Once those first hospital traumas were behind me and my tremendous sense of melancholy, homesickness, missing my mother, had become less intense, I started sneaking out. We weren’t allowed to go out alone; we had to be accompanied by two of the embassy’s policemen-with-diplomatic-passports—nice guys at first glance but, especially the Asturian driver, grouchy as hell. But I started taking on jobs that nobody wanted to do: taking the mail to
la poste
, being a messenger between the embassy and the offices of various UNESCO countries. Between one visit and another, I’d go out to the street, breathe some fresh air, smoke a cigarette, and walk two or three times around the Métro entrance. I’d never entered the Métro; I was terrified of entering the Métro. The Communists said women were raped and murdered there. The other thing I was terrified of was shopping. To Communists, shopping was an illness, a disease. And I wanted to go home to my mother in the same condition she’d seen me leave in: healthy, perfectly healthy,
although with an almost chronic anemia and less meat on my bones than it would take to make a meatball.

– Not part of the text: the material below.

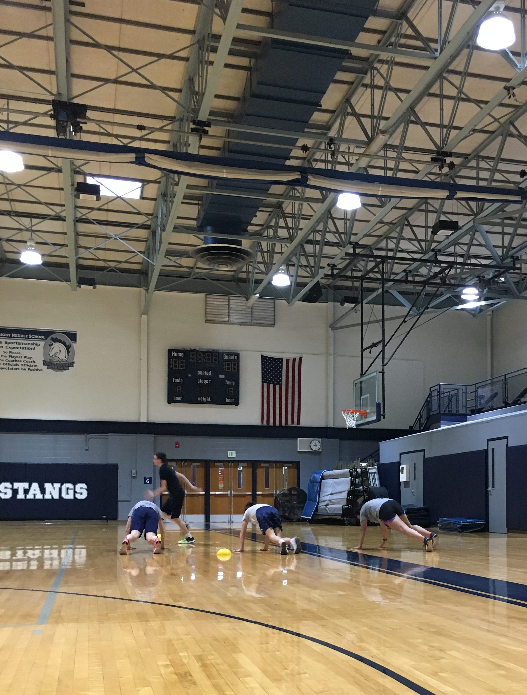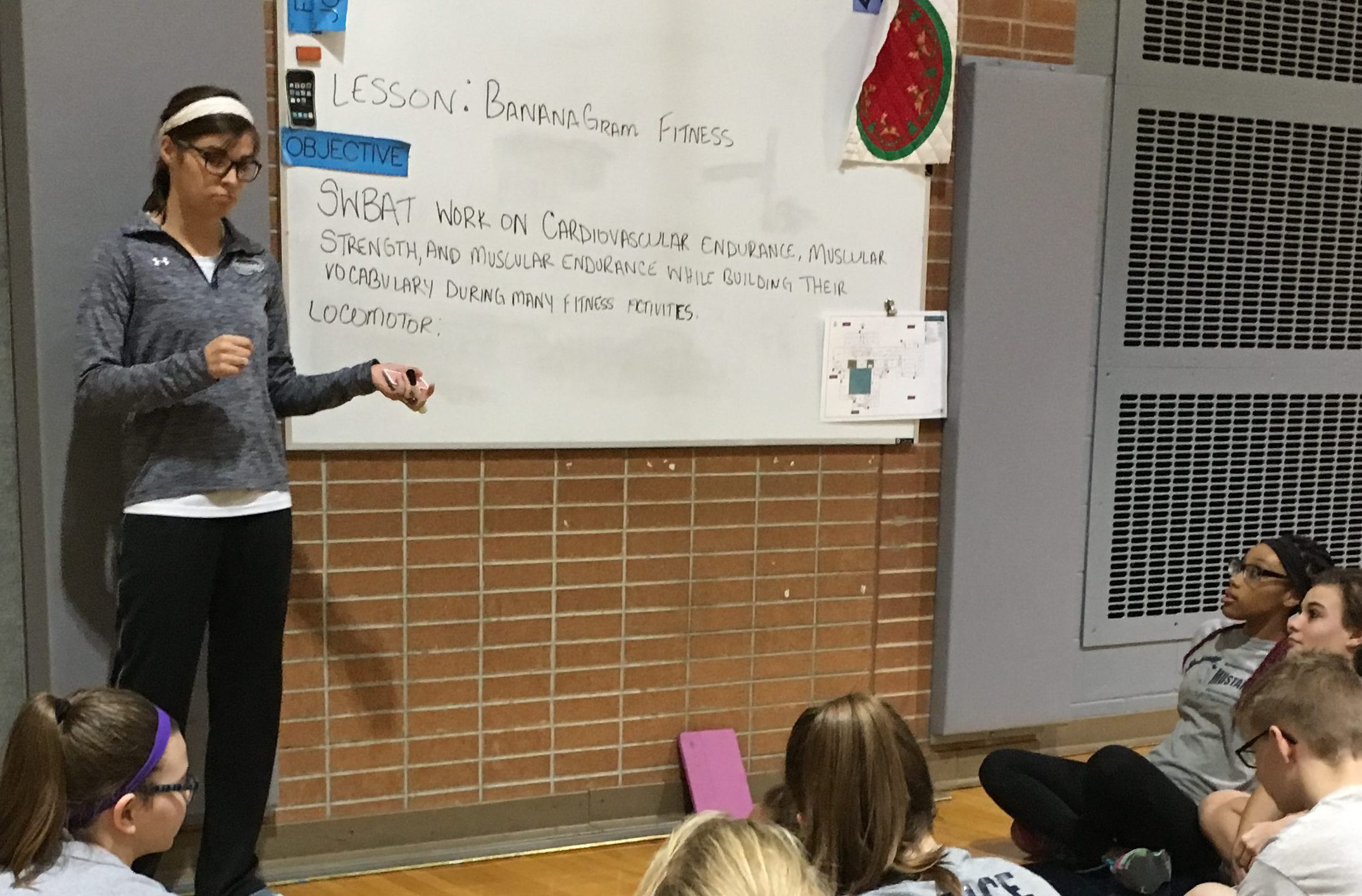And with that, the 8th grader in the blue and gray PE uniform of her middle school jumped up, skipped to the center of the gym, picked up three more tiles and returned, skipping, to her group. The four students quickly employed the new letter tiles to complete their entry in this round of Bananagram Fitness.

Finally I was given the assignment of carrying some secret correspondence between the UNESCO office and the Cuban Embassy. That day the Asturian driver was working with the ambassador and the diplomatic police in an important meeting to prepare for the visit of a high-ranking French government official. There was no help for it: I’d have to take the Métro. The Spanish secretary—another Communist—walked with me to the entrance of the Métro, showed me how to buy a ticket, how to slip it into the slot, and how to quickly slip inside. I got stuck three times. I looked around—I was more embarrassed than I’d ever been in my life. People couldn’t understand why I couldn’t get through the turnstile. I banged into that turnstile so many times that the ticket seller finally came out of his booth and opened the handicapped entrance for me, thinking I had some sort of brain malformation that prevented me from entering the Métro like a normal person. Once I’d delivered those important documents that made me incredibly nervous because everywhere I looked I could see the Enemy that was going to snatch them out of my hands in broad daylight—of course I didn’t open the envelope (it’s best to remain ignorant of a dictatorship’s secrets), although I admit I was tempted—I left the embassy and walked back. It was then that I felt—that I breathed—free. I was alone, apparently nobody was watching me, and if I felt like it, I could take off running to the American Embassy and ask for political asylum. I didn’t; I wanted to see my mother again and I was too in love with my husband. And when you’re too in love, the other person oftentimes isn’t, but that’s another story.